A gap period is relevant for a controlled foreign corporation (CFC) that has a fiscal (U.S.) tax year and a corporate U.S. shareholder (a Sec. 245A shareholder). The term refers to the period (1) beginning after Dec. 31, 2017 (the second E&P measurement date for purposes of the Sec. 965 transition tax); and (2) ending on the last day of the CFC's last tax year beginning before Jan. 1, 2018 (the last year to which the global intangible lowtaxed income (GILTI) regime did not apply).

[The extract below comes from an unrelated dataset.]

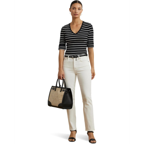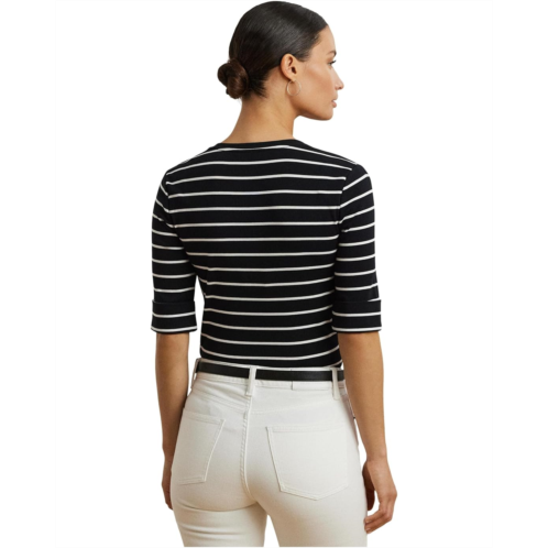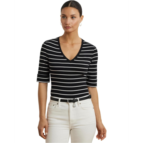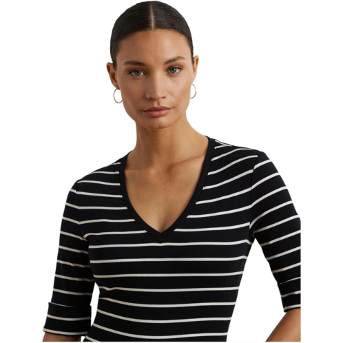 A timeless essential, this Lauren Ralph Lauren Striped Cotton Elbow-sleeve V-neck Tee is made with breathable stretch cotton for a soft hand feel. Lauren's signature embroidered logo on the hem completes the look. It features a V-neckline, elbow-length sleeves with folded cuffs, a striped pattern, and a side-split hem.

Before the extraordinary disposition and other regulations were issued, certain taxable transactions executed during a CFC's gap period were expected to have favorable tax consequences. Gain that the CFC recognized in its gap period (and the corresponding E&P) generally was not subject to U.S. federal income tax if the gain did not constitute Subpart F income or income effectively connected with a U.S. trade or business. (It would not be taken into account under Sec. 965 or the GILTI regime, and it could fund a dividend to the Sec. 245A shareholder for which the shareholder might be allowed an offsetting deduction under Sec. 245A.) Additionally, the increased basis attributable to the transaction might give rise to depreciation or amortization deductions or qualified business asset investment that would reduce the Sec. 245A shareholder's overall GILTI inclusion amount. Many Sec. 245A shareholders caused their fiscal-year CFCs to engage in gap period transactions, which necessarily occurred during 2018.

In October 2018, Treasury and the IRS proposed regulations under the GILTI regime with retroactive effect...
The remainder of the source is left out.